INTM164360 - UK residents with foreign income or gains: dividends
Unilateral relief – underlying tax
ICTA88/S790 (6) gives unilateral relief for underlying tax to a
company which controls directly or indirectly or is a subsidiary of
a company which controls directly or indirectly not less than 10
per cent of the voting power in the foreign company paying the
dividend.
In certain circumstances companies whose direct or indirect
control of the foreign company paying the dividend is reduced below
10 per cent may claim underlying relief. Broadly at least 10% must
have been controlled before 1st April 1972 in that company or
another company involved in a share exchange.
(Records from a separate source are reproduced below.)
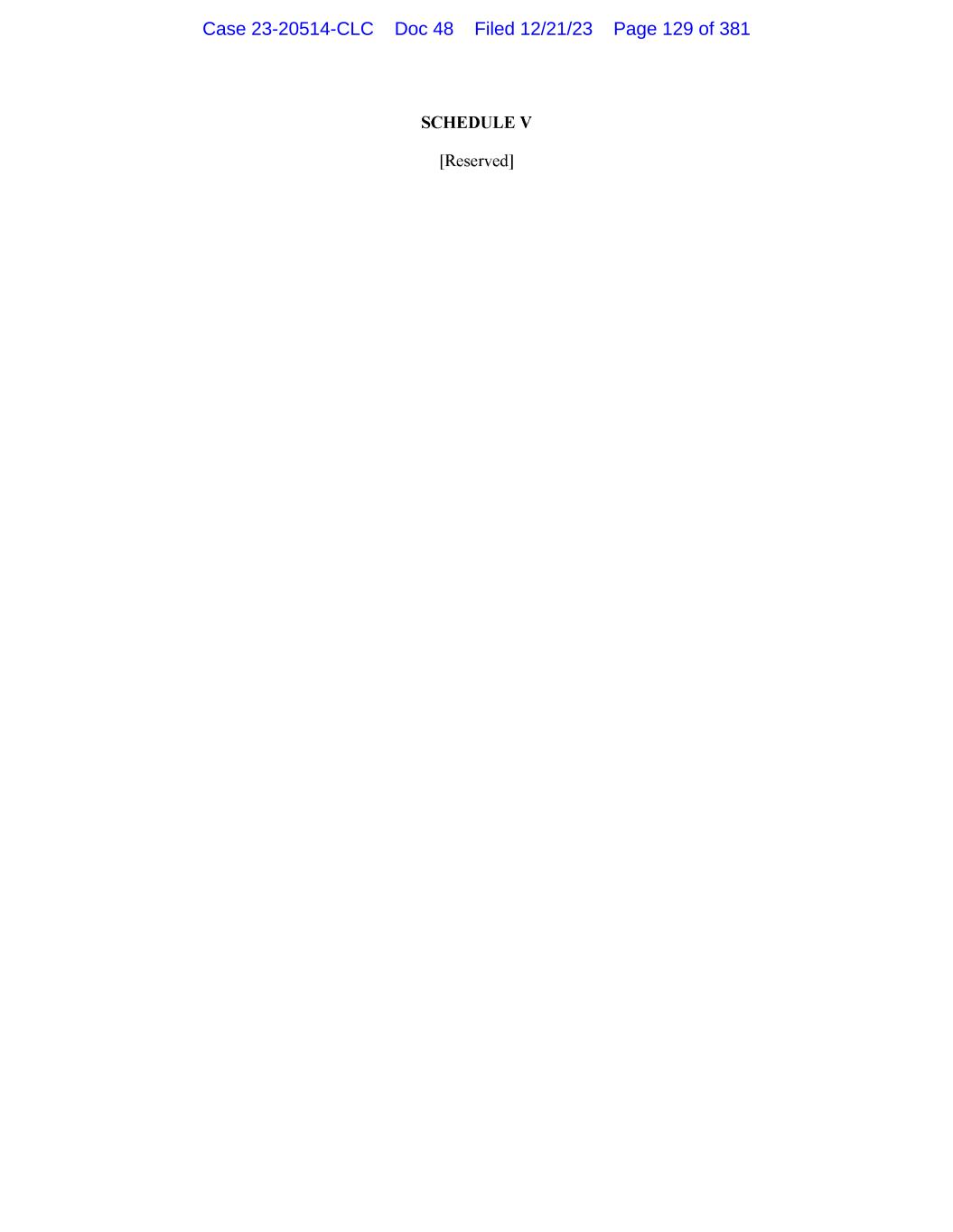 TABLE OF CONTENTS (continued) -iii- Page SECTION 14.14 Intent of the Parties................................................................................................... 72 SECTION 14.15 USA Patriot Act.........................................................................................................72 SECTION 14.16 Right of Setoff...........................................................................................................72 SECTION 14.17 Severability.................................................................................................................72 SECTION 14.18 Mutual Negotiations................................................................................................. 72 SECTION 14.19 Captions and Cross References.............................................................................. 73 SECTION 14.20 Parties Including Trustees; Bankruptcy Court Proceedings...............................73 SECTION 14.21 Inconsistency............................................................................................................. 73 SECTION 14.22 Pre-Petition Lender Consent....................................................................................73 SECTION 14.23 Lender Consent to Credit Bid..................................................................................74 SCHEDULES SCHEDULE I - DIP Term Loan Commitments SCHEDULE II - [Reserved] SCHEDULE III - [Reserved] SCHEDULE IV - [Reserved] SCHEDULE V - Notice Addresses EXHIBITS EXHIBIT A - Form of Loan Request EXHIBIT B - [Reserved] EXHIBIT C - Form of Assignment and Acceptance Agreement EXHIBIT D - [Reserved] EXHIBIT E - [Reserved] EXHIBIT F - [Reserved] EXHIBIT G - U.S. Tax Compliance Certificates EXHIBIT H - [Reserved] EXHIBIT I - Interim Order EXHIBIT J - Closing Checklist Case 23-20514-CLC Doc 48 Filed 12/21/23 Page 47 of 381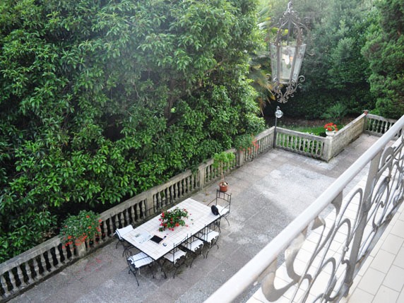 The villa has a basement floor in which all rooms have vaulted brick ceilings and are well kept. They are connected with the greenhouse, which in turn is connected with the garden. The ground floor includes a large entrance hall with wardrobe room, double living room with fireplace, dining room and bathroom, on the first floor; double bedroom with private bathroom and corridor area, plus three additional bedrooms and a bathroom. On the second floor of the villa, an independent, mini-apartment has been obtained. From the apartment it is possible to reach the villa’s turret with panoramic terrace. At present the property has two covered places for the car and three uncovered places; the residual build volume gives the possibility to increase the number of covered parking spaces up to 6.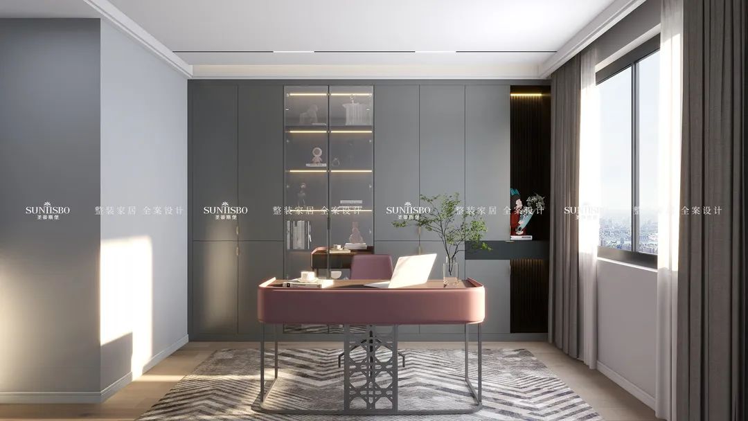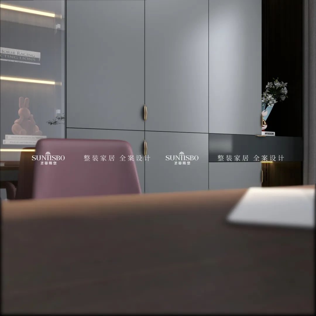 啞灰的定制書柜,冷靜理性,帶來(lái)思緒上井然有序的細(xì)密邏輯。天然原生的光感,讓視覺達(dá)到完美平衡。書房特意配上多裂綠植,讓現(xiàn)代簡(jiǎn)約與傳統(tǒng)文化結(jié)合,萌發(fā)出別出心裁的設(shè)計(jì),展現(xiàn)業(yè)主對(duì)傳統(tǒng)文化情結(jié)的喜愛。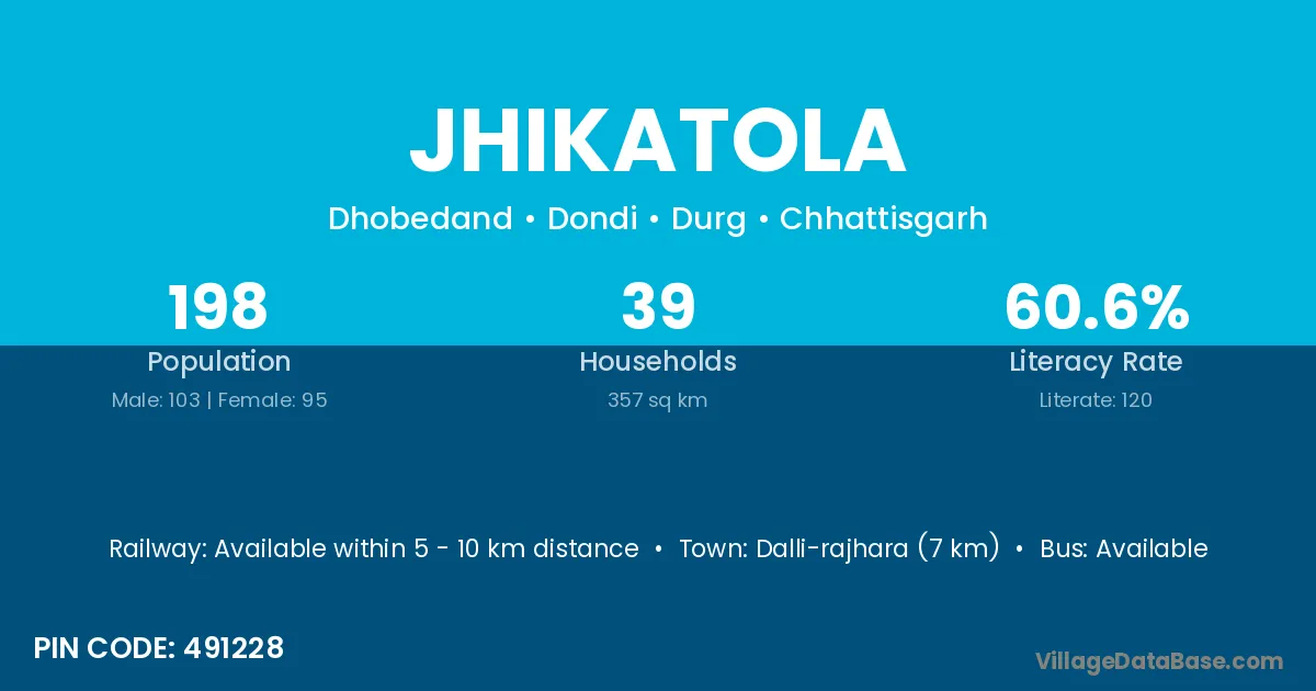 Dalli-rajhara (7 km) is the nearest town to Jhikatola village for major economic activities and is located approximately 7 km away.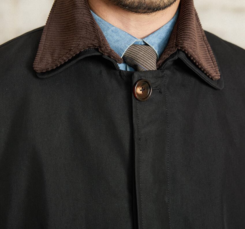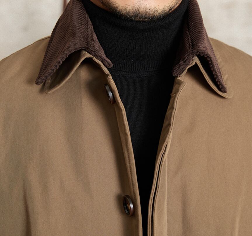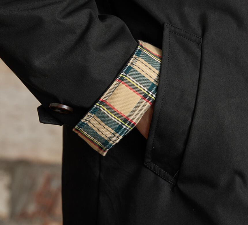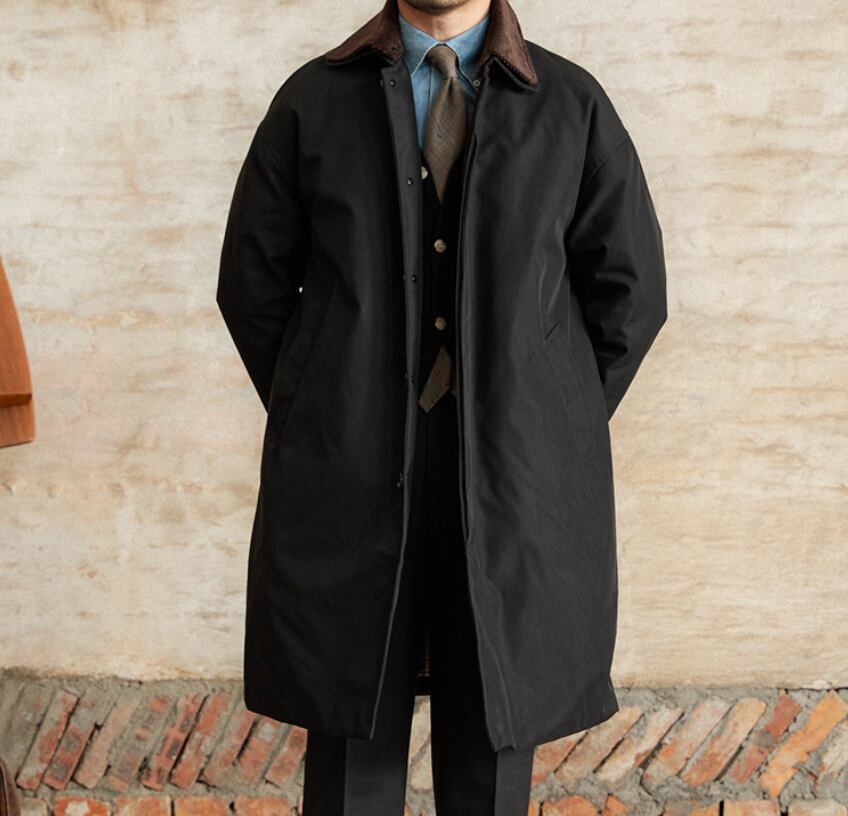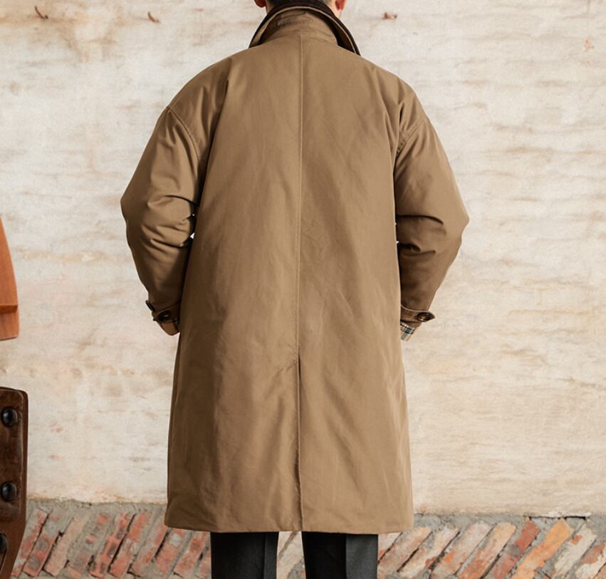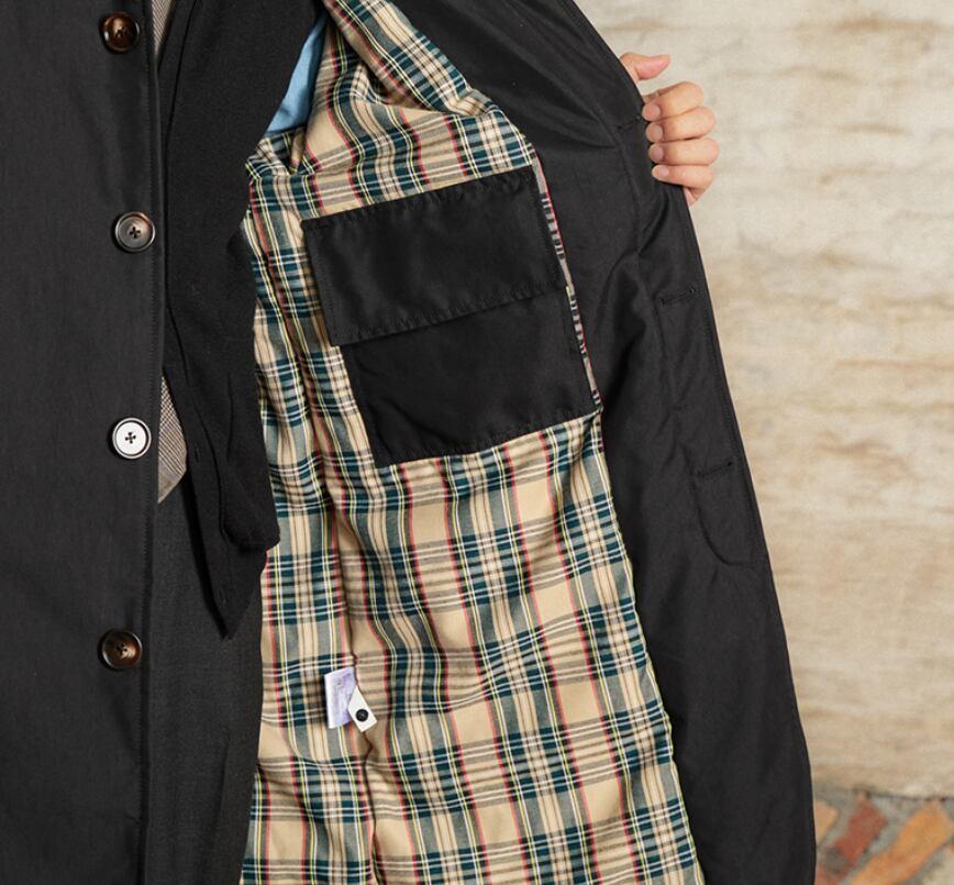 【DEZAIN】英国バルマカーンコート 高密度コットン ロング丈 裏地チェック メンズステンカラーコート(秋冬アウター)

Detailed instructions
are given in
INTM167430 onwards.
Where a country operates a `
company tax deducted' (see
INTM164010 paragraph (e)) system, for
example Jersey or Guernsey, see
INTM164070 regarding allowance of
relief prior to the issue of Statement of practice SP12/93 and
subsequently.
Where the credit Article in a double taxation agreement
requires a United Kingdom company to control more than 10 per cent
of the voting power in the foreign company paying the dividend (for
example, the United Kingdom/Germany agreement requires control of
25 per cent of the voting power) S790(6) means that relief for the
underlying tax is available unilaterally if the control is 10 per
cent or more (see
INTM164060 and
INTM164440).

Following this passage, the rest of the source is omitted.